From Risky Biz News:
Intellexa pulls new Predator spyware infra after thorough undressing: Intellexa—the holding company that sells and operates the Predator spyware—has taken servers offline after two security firms exposed the company's brand-new infrastructure.
Reports from Sekoia and Recorded Future provided details on new domains and servers used as part of the Predatory attack and delivery platform.
Less than 24 hours after the second report went out, all of these servers went offline.
[more on Risky Business News, including more details from the reports and Predator's history.]
ACEMAGIC mini PCs shipped with pre-installed malware: Chinese company ACEMAGIC has confirmed that early batches of some of its new mini PC models were shipped with pre-installed malware.
Malware such as the Redline infostealer and the Bladabindi backdoor were found in the Windows OS system recovery section of its mini PCs. In some cases, malware was also found in the mini PCs' RGB lighting driver.
[more on Risky Business News, including how the malware infections were initially found by… YouTube reviewers!]

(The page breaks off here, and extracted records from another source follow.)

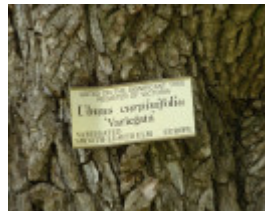
T11243 Ulmus minor 'Variegata'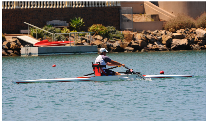
Above: Para Rowing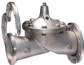
316 Stainless Steel Main Valve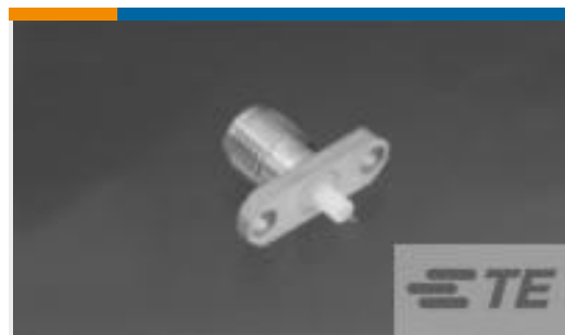
TE Part #1052902-1 2052 5674 02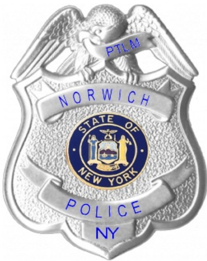
Un-numbered style police shield formerly worn by Norwich officers.

In 2012 Norwich Police Officers and Sergeants were issued shields with individual numbers. This was the practice in the Norwich Police in it's earliest years. Individual shield numbers at some point were ended for reasons unknown. A police officer's shield is more than a symbol of worn on a uniform. It also acts as a form of identification and authority. Maintaining an inventory of this important piece of equipment was difficult with no number, additionally, the loss of a police shield is a serious matter. The need for serial numbered police shield was evident and long overdue.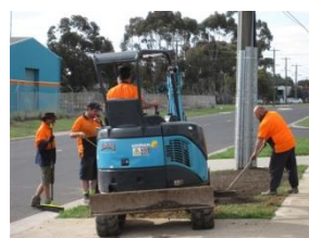
UAG working on the power connection pit and trench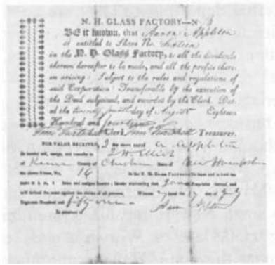
Share no. 16—N. H. Glass Factory

In October the directors met to discuss building "a house or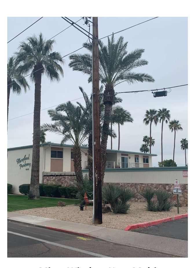
Micro Wireless Near Multi Dwelling Unit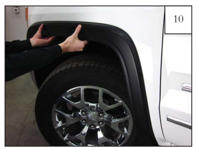
Hold Front Flare up to wheel well to confirm fit. Do not install fasteners at this time.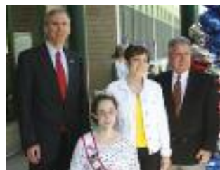
Blair Early Childhood Center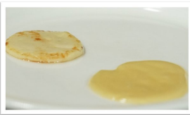
Cultivated chicken from Diverse Farm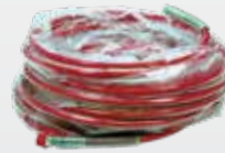
Hose Shield 521424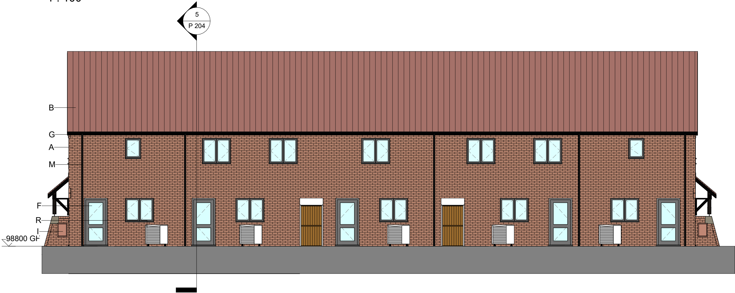
Plot 10 - 14 Rear Elevation 1 : 100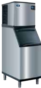
i-522 A-420 Bin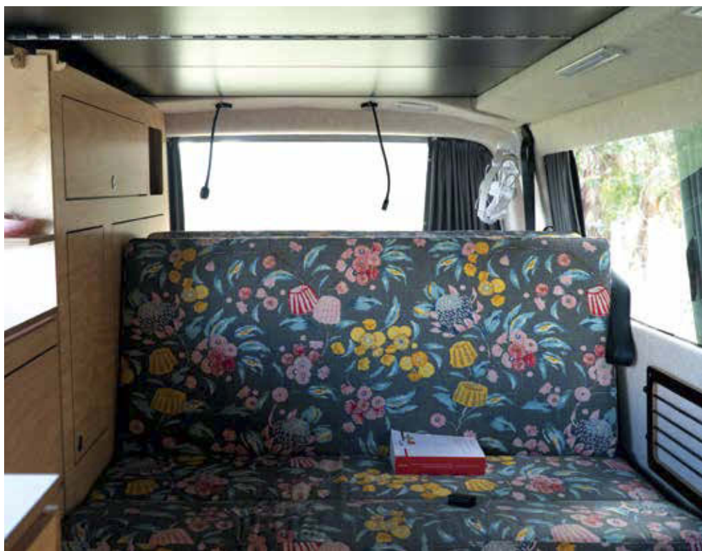
The back seat can legally carry passengers while underway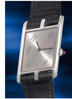
924 Cartier A rare and attractive limited edi... Estimate HK$160,000 — 240,000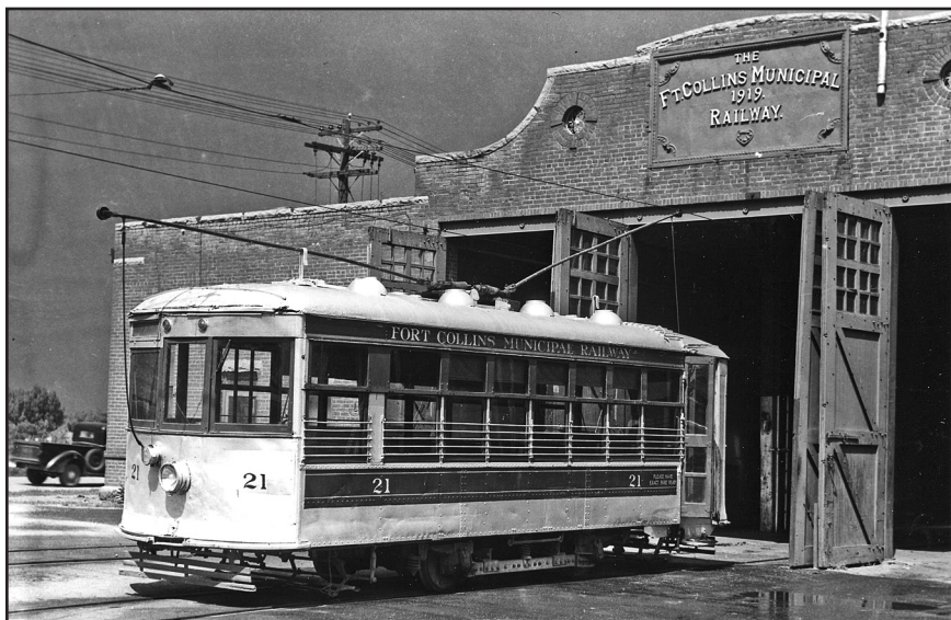
The Ft. Collins Municipal Railway #21 is parked in front of the Railway's car barn under a dark afternoon sky. The date is unknown.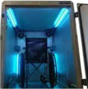
UV LAMPS ON FOR DISINFECTION

VISIT HUBSCRUB.COM FOR CONTENT, MODELS, OPTIONS AND ACCESSORIES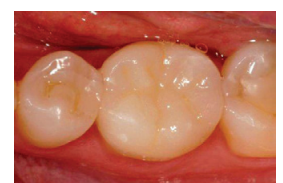
Silver fillings replaced by porcelain Inlays/Onlays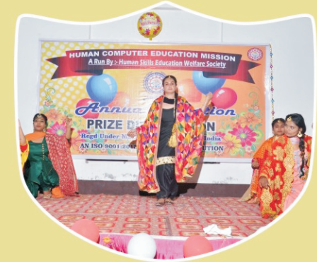
Extra Curricular in Annual Function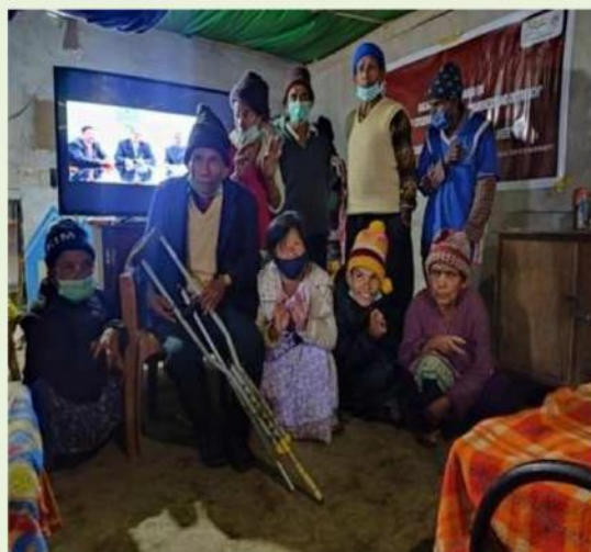
Tintek Lee Aal Old Age Home at Tintek, Gangtok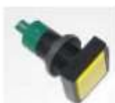
H.205.55.9 Switch element

Ukraine hacks Russia's Defense Ministry: Ukraine's military intelligence agency claims it successfully hacked Russia's Defense Ministry. Ukraine's Defence Intelligence Main Directorate (GUR) says it obtained data on Russia's military encryption software. The GUR says it also obtained documents exchanged between more than 2,000 units of Russian security services. Ukrainian officials say the documents have helped to recreate the full structure of the Russian Defense Ministry. The GUR claimed they gained access to the network via one of Sergei Shoigu's deputies.